Стефани Майер - Гостья
Нам послышалось, что кто-то вздохнул.
А затем в рот полилась вода, мы принялись глотать, захлебнулись и закашлялись. Вода пропала, и наши слабые руки потянулись к ней. Кто-то твердым движением похлопал нас по спине, и дыхание восстановилось. Руки все еще хватали воздух в поисках воды.
На этот раз явственно прозвучал вздох.
Что-то прижалось к растрескавшимся губам, и вновь потекла вода.
Мы жадно пили, на этот раз аккуратнее, только бы снова не забрали воду.
Мы пили до тех пор, пока не заболел живот. Струйка воды становилась все тоньше, наконец иссякла совсем, и мы хрипло запротестовали. Еще одна емкость прижалась к нашим губам, и мы исступленно пили, пока не опустела и она.
Казалось, еще глоток – и желудок взорвется, и все равно мы заморгали, пытаясь сфокусировать взгляд на воде. Было слишком темно, не видно ни единой звезды. Мы моргнули еще раз и поняли, что темнота ближе, чем небо. Над нами навис мрачный, как ночь, силуэт.

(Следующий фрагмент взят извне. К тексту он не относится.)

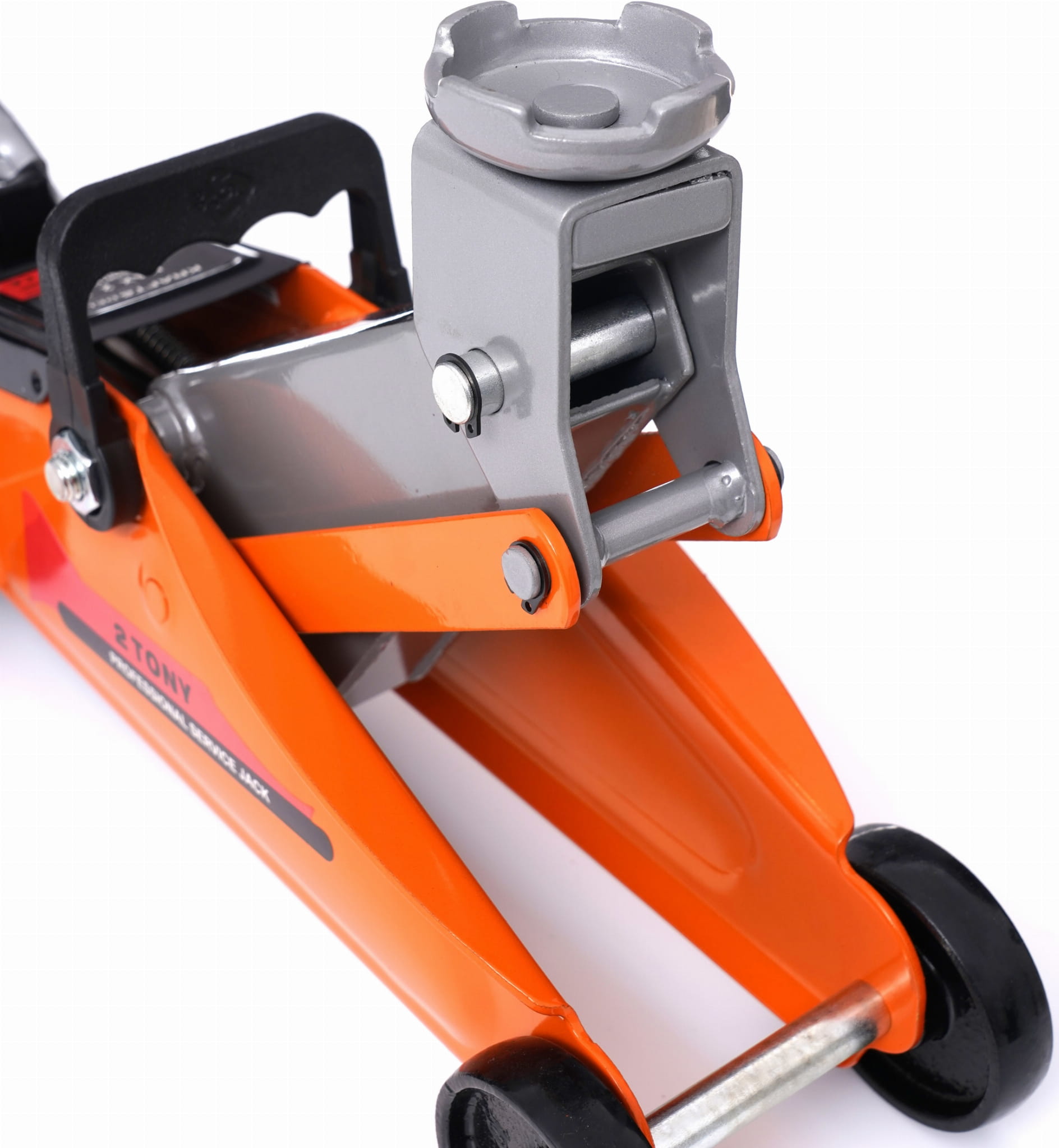 Podnośnik o udźwigu 2 tony wyposażony w stalowe koła osi przedniej oraz łożyskowane koła skrętne osi tylnej
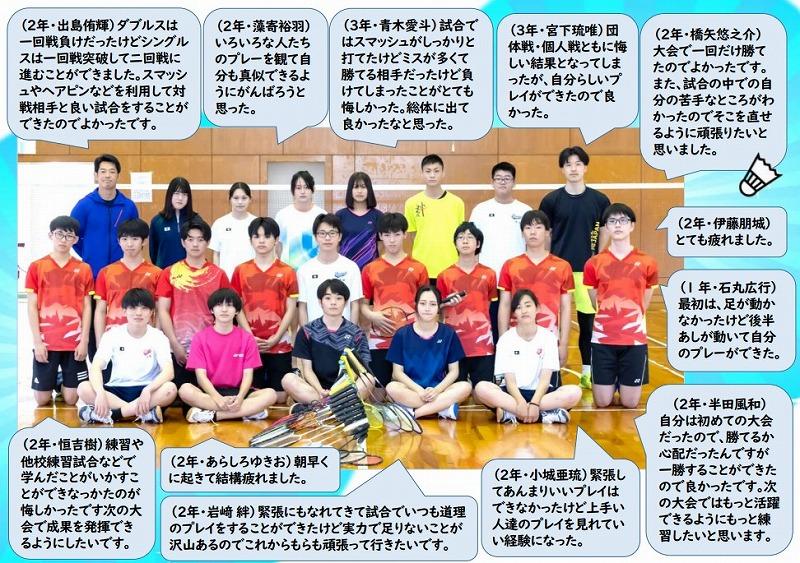 バドミントン部男子9名、女性4名が出場しました。男子では2年ぶりに団体戦にも出場しました。女子では22Hの渡辺涼花がベスト16に入り、健闘しました。
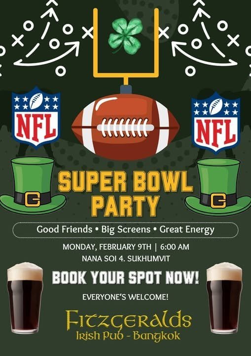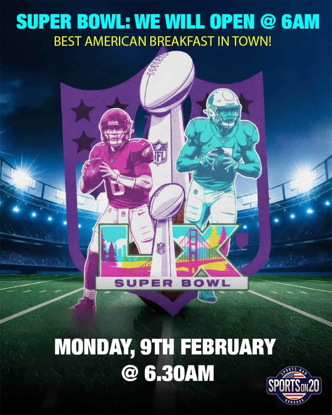 Want to watch the Super Bowl in Bangkok 2026? We will try to keep a list of places to watch “the big game” even though it is an early start on Monday morning.
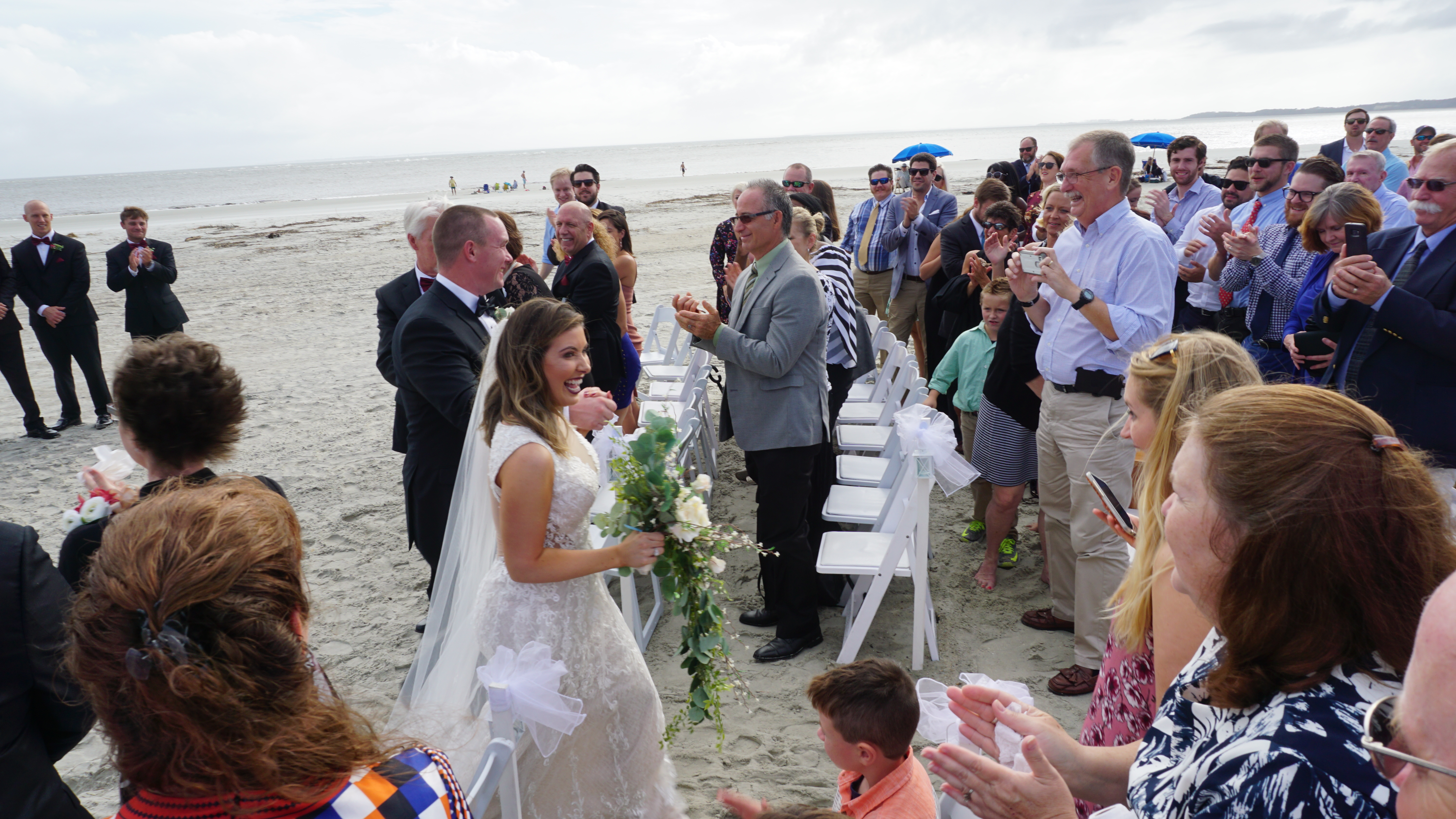 The wedding was held on a beach. All morning there were small showers roaming through the area, including at the time to begin. However, I think due to lots of prayers, the showers moved on just at this moment and the sun peeked through the clouds. It was short but lovely ceremony followed by lots of fun at a nearby pavilion for the reception. Congratulations to Meilian and Preston!
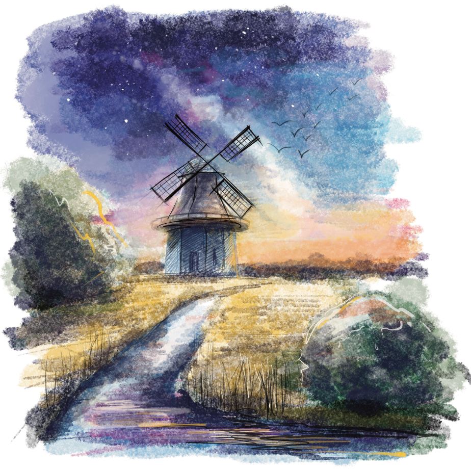 Иллюстрация "Мельница", в большом разрешении. Может быть использована как принт на различных поверхностях, так и как постер для интерьера.
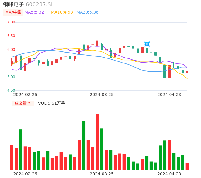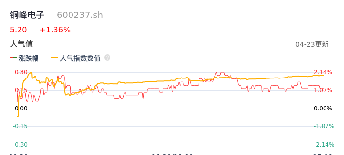 04月23日,铜峰电子收报5.20,股价涨幅1.36%,成交金额4985.84万元,换手率1.59%。

Зашуршала ткань, и песок скрипнул под каблуком. Фигура выпрямилась, послышался резкий звук – звук расстегивающейся молнии, взрезавший ночную тишину.
Лезвие света пронзило глаза. Мы застонали от боли, и наша рука взметнулась козырьком к закрытым глазам. Даже сквозь опущенные веки сияние казалось слишком ярким. Свет исчез, и прямо над нами послышался еще один вздох.
Мы осторожно приоткрыли ослепшие глаза. Тот, кто склонился над нами, не произнес ни слова. В воздухе повисло напряжение, но нам было все равно. Было сложно думать о чем-то, кроме воды у нас в животе, и о том, где бы найти еще. Мы постарались сосредоточиться и разглядеть нашего спасителя.
Несколько минут мы щурились и моргали, пока не различили тускло выделяющееся во мраке белое пятно под темным лицом. Мелькнула мысль: «Борода – как у Санта-Клауса». Откуда-то из глубин памяти выплыли другие черты лица. Все сходилось: крупный нос с раздвоенным кончиком, широкие скулы, густые седые брови, глубоко посаженные глаза с морщинистыми веками. Черты виднелись нам лишь намеками, но мы знали, как это лицо будет выглядеть при свете дня.
– Дядя Джеб, – удивленно прохрипели мы. – Ты нас нашел.
Он сидел на корточках подле нас. Услышав свое имя, он чуть качнулся на каблуках.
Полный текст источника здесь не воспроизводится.